Настройте лазеры возбуждения на 930 и 1100 нанометровых волн возбуждения для зеленых и красных флуоресцентных белковых сигналов соответственно. Используйте дихроическое зеркало от 690 до 1 050 нанометров, чтобы направить световой путь обоих возбудимых лазеров к единственной цели, позволяющей 930 нанометровому настроенного лазера возбуждения быть отраженным к главному сканеру и 1100 нанометров настроенного лазера, чтобы пройти непосредственно в главный сканер. Затем установите лазерную мощность FITC до 5% и зеленый флуоресцентный белок до 20% и выключите накладные огни.

Для визуализации in vivo обезболивать мышь и излагать в текстовом протоколе. Подтвердите отсутствие реакции на щепотку носа в анестезированной мыши и поместите мышь в стереотаксисный аппарат с доступом к носовому конусу. Используйте черную ленту, чтобы прочно прикрепить заднюю лапу к куску черной бумаги на областях, как проксимальных, так и дистальных в области интереса, убедившись, что подошвенной поверхности лапы беспрепятственно и лицом к цели.

Поместите щедрое количество воды на основе смазки на подошве поверхности лапы.
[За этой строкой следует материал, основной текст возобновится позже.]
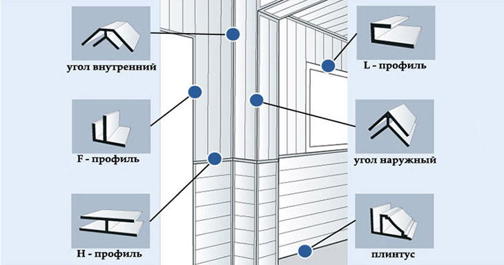 Neben zusätzlichen Werkzeugen ist der Wert des vorbereiteten Zubehörs zu beachten. Es wird notwendig sein, ein sogenanntes Startprofil zu haben, das hilft, die Ränder der Paneele an den Enden zu schließen. Neben ihm benötigen Sie ein Profil in Form des Buchstabens F, das die besten dekorativen Eigenschaften der Endblöcke bietet. Um verschiedene Paneele in einem einzigen Design zu verbinden, helfen spezielle Formteile. Seine Art von Profilen gibt es für Außen- und Innenecken.

Прикоснитесь к цели смазки, чтобы создать столб жидкости между лапой и целью. Используйте FITC возбуждение света, чтобы сосредоточиться на кожный слой лапы, подтверждая, что тандем тусклый томат помечены фибробласты могут быть визуализированы.

Изображение области клеток, расположенных чуть ниже подошвеной поверхности задней лапы с помощью обоих лазеров. Приобрети 15-минутный промежуток времени от 5 до 10 срезов при примерно одном микрометре на срез, чтобы установить базовое представление окружающей среды. Когда базовая визуализация была получена, загрузите 25 микролитровый стеклянный шприц Гамильтона с пятью микрограммами конъюгированных липополисахаридов FITC, или LPS, на 20 микролитров PBS.

Администрирование раствора путем внутриплантационной инъекции в экспериментальную заднюю лапу, не нарушая положение лапы. Затем изображение области клеток, расположенных чуть ниже подошвеной поверхности задней лапы с помощью обоих лазеров. Приобрети промежуток времени от 60 до 120 минут, около 5-10 срезов при примерно одном микрометре на срез, чтобы определить интраплантарный поглощение клетки LPS FITC.

Поскольку нет присущей флуоресценции клеток в дермальный слой, множество клеток в дермальный слой задней лапы можно наблюдать принимая флуоресцентно помечены LPS после внутриплантационной инъекции в дикий тип мыши. После инъекции LPS FITC, только фибробласт конкретных белков один положительный фибробласты, выражают платные, как рецептор четыре связывают и поглощения вводили белок с высоким уровнем совместной локализации с тандемом димер томат теги, выраженные этими клетками. В отличие от этого, мышей, которые имеют потери, как рецептор четыре выбил из всего тела не связывают и поглощения LPS после инъекции.

Действительно, силуэты клеток видны после инъекции LPS FITC, указывающей на то, что препарат дисперсии в интерстициальной жидкости вокруг клеток, но на самом деле не связаны рецептором. Самое главное помнить в этом протоколе, чтобы убедиться, что лапа обездвижена так, что Есть никаких искажений в видео из-за движения или дыхания. Используя эту процедуру, набор флуоресцентно помеченных клеток в область после травмы и морфологические изменения в реакции клетки на стимул с течением времени могут быть отслеированы.

Таким образом, 2-фотонные изображения позволяют исследователям объединить генетических мышей-репортеров и флуоресцентно помеченных соединений, чтобы оценить, что происходит в живом животном после инъекции.